In the lines below, output everything from the first line through the line containing "Less common cutaneous" exactly as it is. Pictures are not part of the output.

===

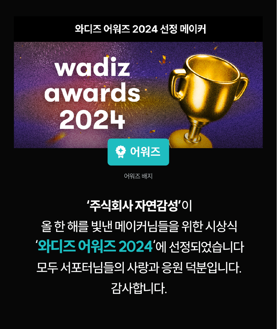 저희 자연감성은 "Eco-Friendly" 라는 슬로건으로 지속 가능한 환경을 만들기 위해 노력하고 있습니다. 이를 통해 서포터님들의 삶에 환경의 소중함과 행복의 가치를 전달하는 작은 매개체가 되기 위해 노력하고 있습니다.
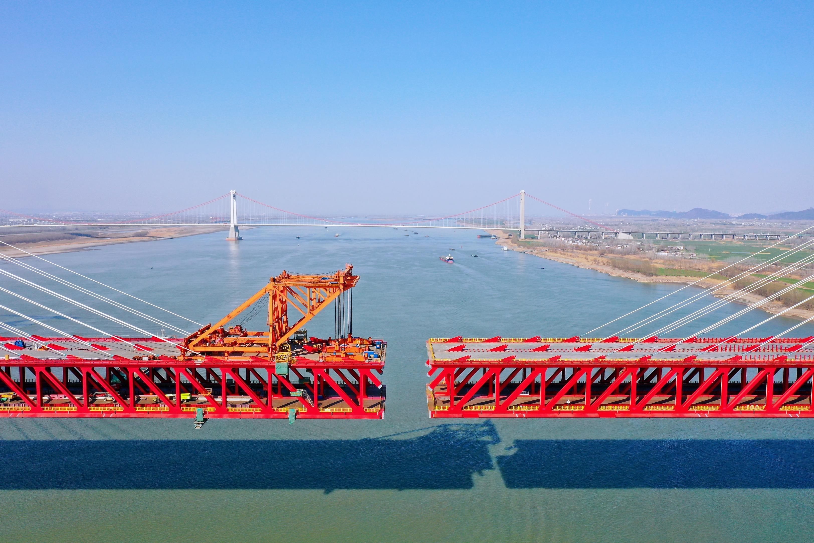 2月9日,马鞍山市当涂县,巢马城际铁路马鞍山公铁两用长江大桥建设现场,建设者们加紧施工,为早日合龙全力冲刺。该桥是集高速城际铁路和城市快速路于一体的公铁两用过江通道,巢马城际铁路建成后将成为安徽通往沪宁杭新通道的重要组成部分。
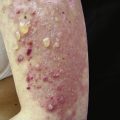 Less common cutaneous findings include an exfoliative erythroderma as well as vesiculobullous, erosive, and ulcerative lesions. Patients with myositis can also develop the lesions of other collagen–vascular diseases. The presence of these types of lesions allows physicians to classify the patients into an overlap category. In general, sclerodermatous skin changes have been the most frequently seen in patients with overlap syndrome. However, cutaneous vasculitis, discoid lupus erythematosus, and rheumatoid nodules have also been known to occur in patients with dermatomyositis.
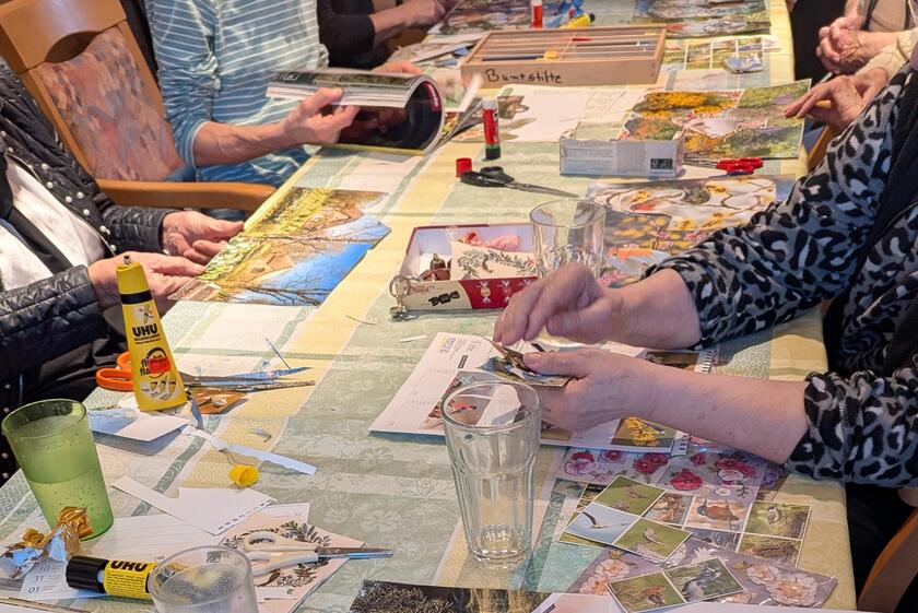 Die Themen boten viel Raum für persönliche Ideen und unterschiedliche Fähigkeiten. Unterstützt von einigen Helfenden konnten auch Menschen mit Seheinschränkung oder dementiellen Erkrankungen aktiv teilnehmen und eigene Erfolgserlebnisse erfahren. Die spirituellen Impulse und Bibeltexte von Pfarrerin Ulrike Schemann regten nicht nur zum Gestalten, sondern auch zum Erzählen persönlicher Geschichten an.
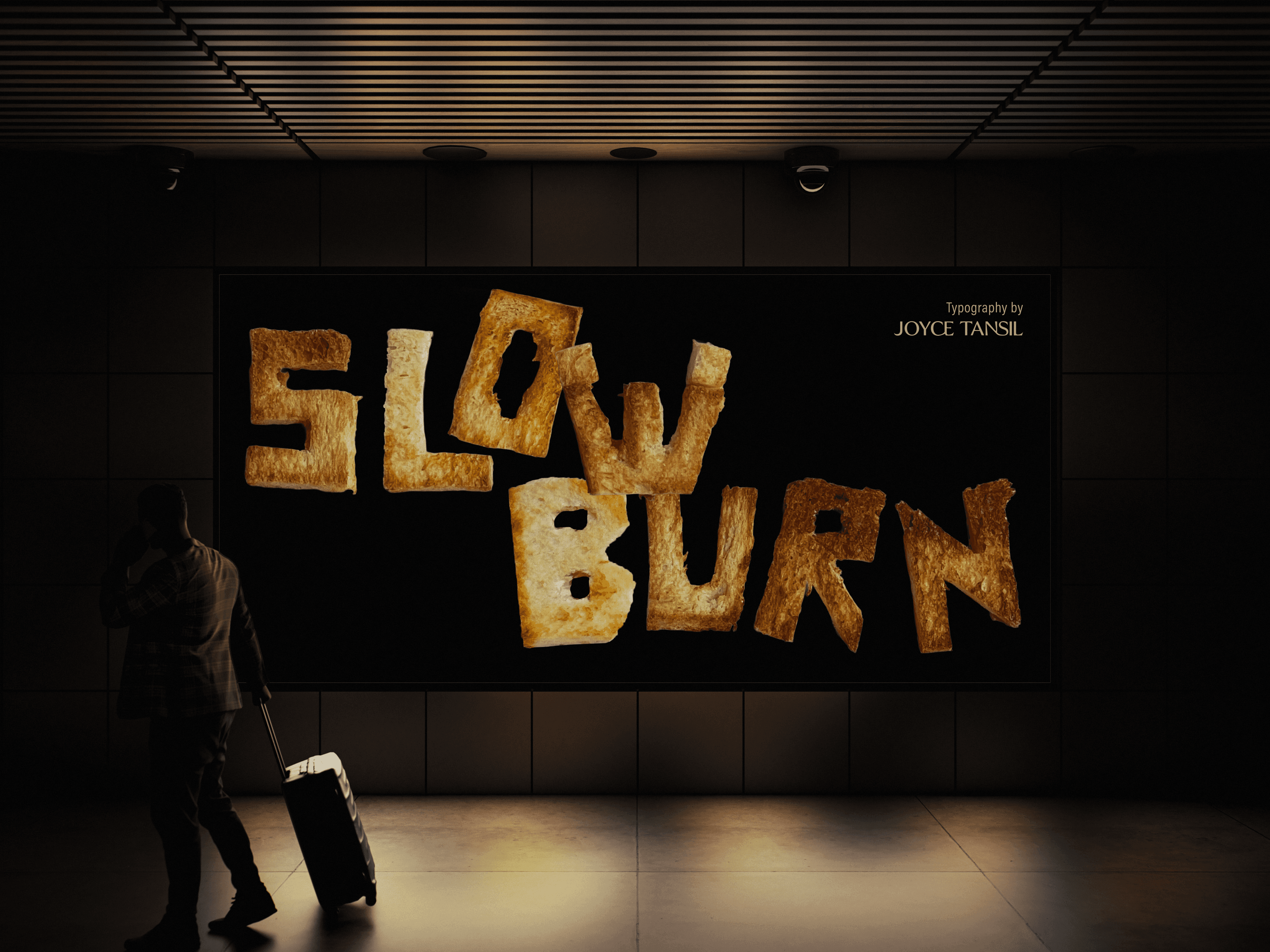 Slowburn is an experimental typeface project created for designers and creative brands seeking expressive typography with emotional depth. A typeface that communicates mood and narrative without relying on immediate visual impact. This was addressed through textured, rough letterforms that gradually build presence, encouraging slower reading and deeper engagement. Rather than demanding attention, the type invites viewers to spend time with it, allowing meaning to unfold naturally. The visual direction is influenced by hand-worn materials, and slow-burn storytelling, where emotion develops through restraint and subtle tension. These references informed the imperfect details and lived-in quality of the letterforms. Slowburn is intended for editorial layouts, branding, and poster design, where typography is experienced over time. In these real-world contexts, the typeface enhances atmosphere and emotional tone, demonstrating how type can communicate feeling through patience, texture, and quiet intensity.

===

**WRITTEN SOLUTION:**
 저희 자연감성은 "Eco-Friendly" 라는 슬로건으로 지속 가능한 환경을 만들기 위해 노력하고 있습니다. 이를 통해 서포터님들의 삶에 환경의 소중함과 행복의 가치를 전달하는 작은 매개체가 되기 위해 노력하고 있습니다.
 2月9日,马鞍山市当涂县,巢马城际铁路马鞍山公铁两用长江大桥建设现场,建设者们加紧施工,为早日合龙全力冲刺。该桥是集高速城际铁路和城市快速路于一体的公铁两用过江通道,巢马城际铁路建成后将成为安徽通往沪宁杭新通道的重要组成部分。
 Less common cutaneous findings include an exfoliative erythroderma as well as vesiculobullous, erosive, and ulcerative lesions. Patients with myositis can also develop the lesions of other collagen–vascular diseases. The presence of these types of lesions allows physicians to classify the patients into an overlap category. In general, sclerodermatous skin changes have been the most frequently seen in patients with overlap syndrome. However, cutaneous vasculitis, discoid lupus erythematosus, and rheumatoid nodules have also been known to occur in patients with dermatomyositis.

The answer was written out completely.